Rick: Yes, and they’re going to be competing for resources and every time they have to hit a file that is fragmented, they are going to be adding significantly more work to be done on the hard drive and that’s going to slow things down and it’s just going to magnify itself when you have like the example you used earlier – an email and an SQL server, both running on the same virtual server, along with what’s going on down on the actual partition for the main operating system for the hypervisor that’s running the virtual systems.
Alan: And I imagine this has a major effect when you’re trying to do backups, because nowadays, you’re trying to do real-time backups to make sure that if anything happens, this oops factor, you can always get back in just as quickly as possible; because if you’re backing up files, you’re reading the whole file into memory to move it over to some place. And fragmentation can really slow things down, can’t it?
Rick: Oh, it can make things grind to a hault and you’re right, as you add more of those kinds of things on a single system in a virtualized environment, things really grind to a hault. So, it’s absolutely essential that fragmentation be dealt with so that at least when you are trying to read things, you are reading from contiguous areas of the hard drive, as opposed as to trying to read from places that are scattered throughout the hard drive and you’re banging the head from one end to the other – and requesting lots of additional I/O’s to the hard drive in order to deal with picking up the data, as you describe it to make it available for backups.
Alan: When we first started looking at computers, we were lucky just to have a hard drive itself and now we’re looking at Terabytes of hard drives that we can hold in our hand and all of this has to be really efficient or else it becomes the bottleneck, itself.
Rick: The disk drives have always been the bottlenecks, since we started having disk drives and they will continue to be; the CPU’s have gotten to be so fast; memory has become cheap that you can have a massive amount of it.
Work has been done on the operating systems and in software applications to utilize more memory, to avoid hitting the disk. But you’re right; with Terabytes, we’re even worse, PetaBytes of data in the enterprise marketplace, the disk becomes a huge bottleneck. Anything that slows that down such as fragmentation is definitely the bane of the enterprise server.
Alan: What are we looking as far as the price of getting started taking care of our virtual computer systems?

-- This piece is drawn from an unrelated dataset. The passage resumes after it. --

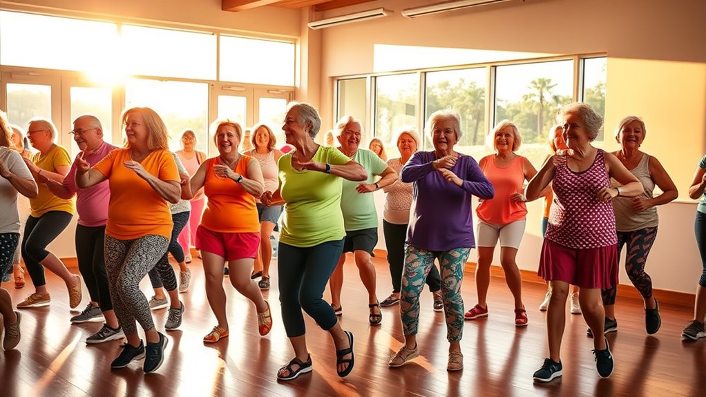 Zumba for seniors is a fun way to boost your health and stay active. Classes like Zumba Gold focus on low-impact dance routines that enhance cardiovascular fitness, improve balance, and increase coordination. You’ll burn calories while enjoying energizing music, which also lifts your mood. Plus, you’ll build connections with others who share your passion. Ready to dance your way to better health? Stick around to discover more benefits and helpful tips to get started!

Michael: Our Products start at $29.95 and that’s primarily the consumer space and they go all the way up to the top of the line Server Products that is for somebody that is running a SAN may want to use and they go on up to $999.
Alan: And if somebody would like to find say, some White Pages on virtualization or defragmentation and the effect of fragmentation, can they go to your Website and find these White Pages?
Michael: They go to our Home Page, http://www.diskeeper.com
Alan: Michael and Rick, it’s been our pleasure to have as our guest here today and I look forward to having you both back on the air again, real soon.
Michael: Well, thank you very much.
Rick: Thank you, Alan.